Essay

Italianate Landscape with Town and Waterfall, date not known, by Follower of Jan Wyck

Read technical information about this painting resulting from examination and scientific analysis by conservators and conservation scientists at Tate

Fig.1 Follower of Jan Wyck Italianate Landscape with Town and Waterfall Date not known Oil paint on canvas 889 x 914 mm N02986

Fig.1
Follower of Jan Wyck
Italianate Landscape with Town and Waterfall
Date not known
Oil paint on canvas
889 x 914 mm
N02986

This painting is in oil paint on canvas measuring 889 x 914 mm. The coarse, plain woven canvas has a weave count of 9 vertical and 13 horizontal threads per square centimetre. The fabric is loosely woven with many slubs and the threads are of uneven thickness. There is cusping along the top and bottom edges but no cusping is present at the uprights (fig.2).1 Diagonal lines of cracking in the paint at both left corners suggests that the original stretcher had corner braces and that the painting has been reduced in width, as there are no comparable cracks at the right corners. The presence of the ground and the painted image on both vertical tacking edges informs us that the width has been reduced in size at both sides but with considerably more removed at the right. Adding the equivalent width of the left hand cracks to the overall width of the painting produces the probable original dimensions of 1220 x 914 mm.
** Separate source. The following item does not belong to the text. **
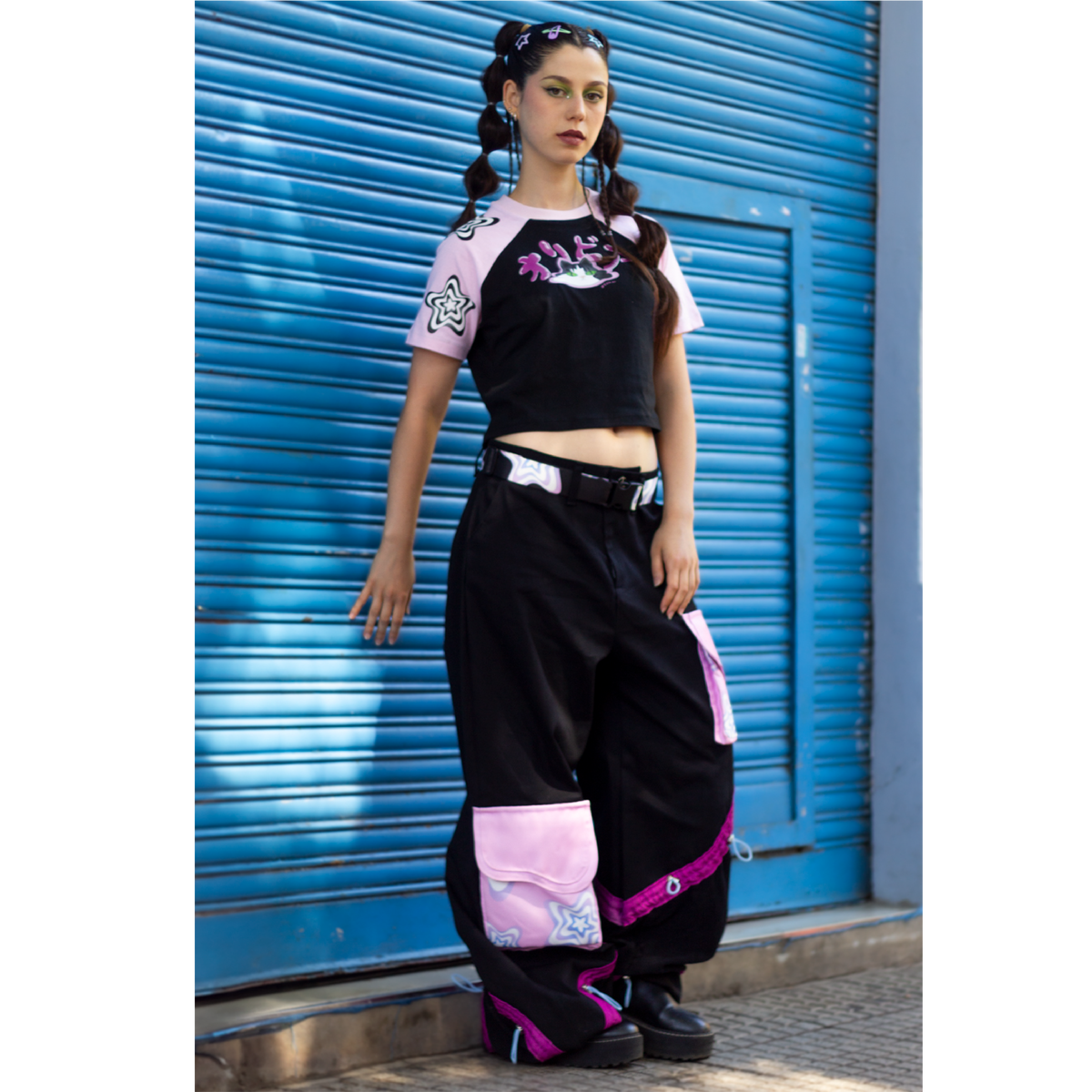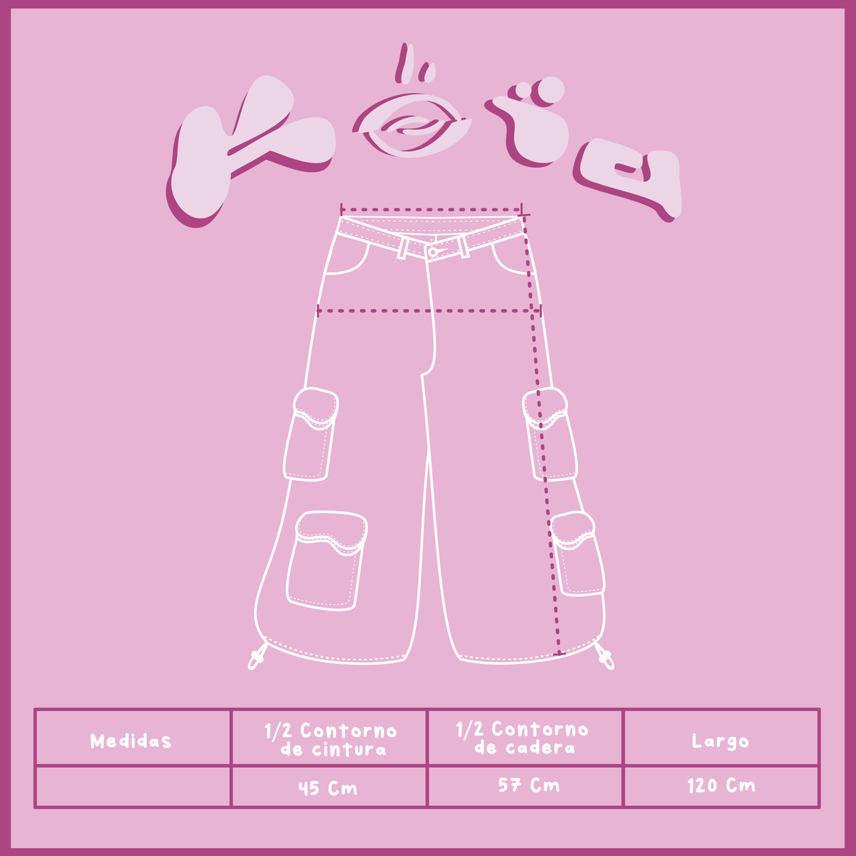 La silueta amplia aporta movimiento y presencia, mientras que los bolsillos cargo en contraste y los recortes con textura suman un juego visual que lo hace protagonista. Los ajustes en el ruedo permiten regular la caída y adaptarlo a tu estilo. Incluye un cinto sublimado regulable que completa la estética y potencia el diseño.

Fig.2 X-radiograph of Italianate Landscape with Town and Waterfall

Fig.2
X-radiograph of Italianate Landscape with Town and Waterfall

The ground is reddish brown. Cross-sections show a complex construction of four distinct applications, as follows: the first coat is opaque pale orange in colour and the second a warm, opaque mid-brown. When dry this was coated with a thin, unpigmented substance; its fluorescence in ultraviolet light and positive response to Acid Fuchsin indicates that it is composed of animal glue size. Finally a second coat of the opaque mid-brown was applied over the whole surface (figs.3−7).
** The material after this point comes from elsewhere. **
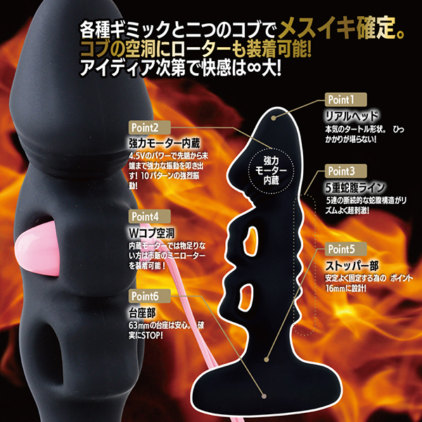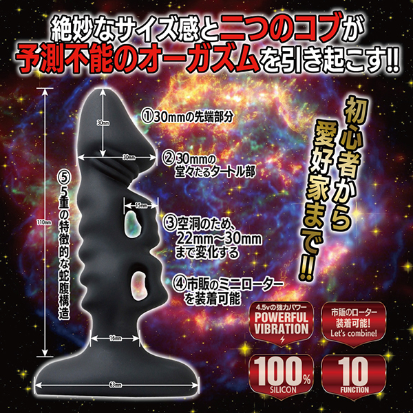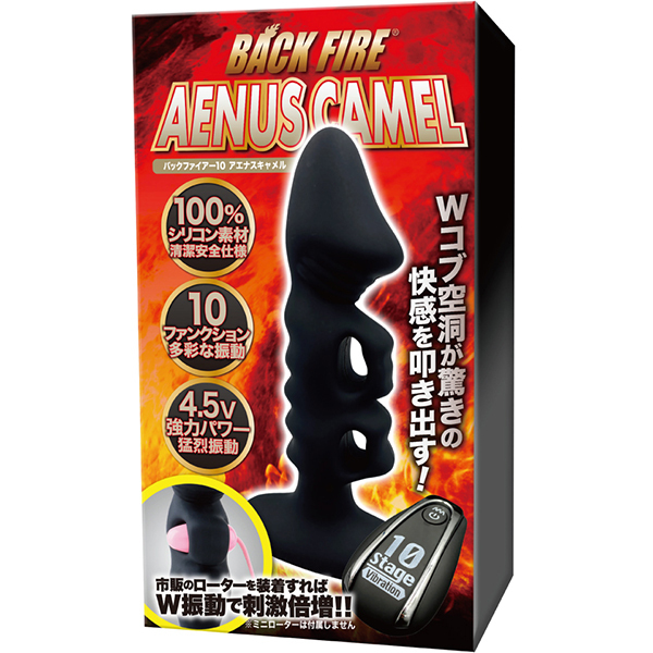 刺激的なデコボコが効いたフォルムと単四電池3本使用のハイパワーが自慢の「バックファイアー アエナスキャメル」です。4.5Vの強力パワーと10ファンクションシステムを搭載♪100%シリコンの電動アナルプラグで、強力な振動と独特な形状が嫌というほど攻めまくる!アエナスキャメルは二重のコブが圧迫・刺激・強烈な振動を叩き出す♪絶妙な2つのコブが予測不能のオーガズムを存分にご堪能あれ。

No preparatory underdrawing was detectable with infra-red reflectography. The blue of the sky has smalt and lead white as its principal pigments, with vermilion, realgar, black and earth pigments added to vary the tones. Vermilion, realgar and red lake were used for the warm highlights on the figures.2 The varnish is composed of two coats of natural resin varnish, both of which have discoloured with age.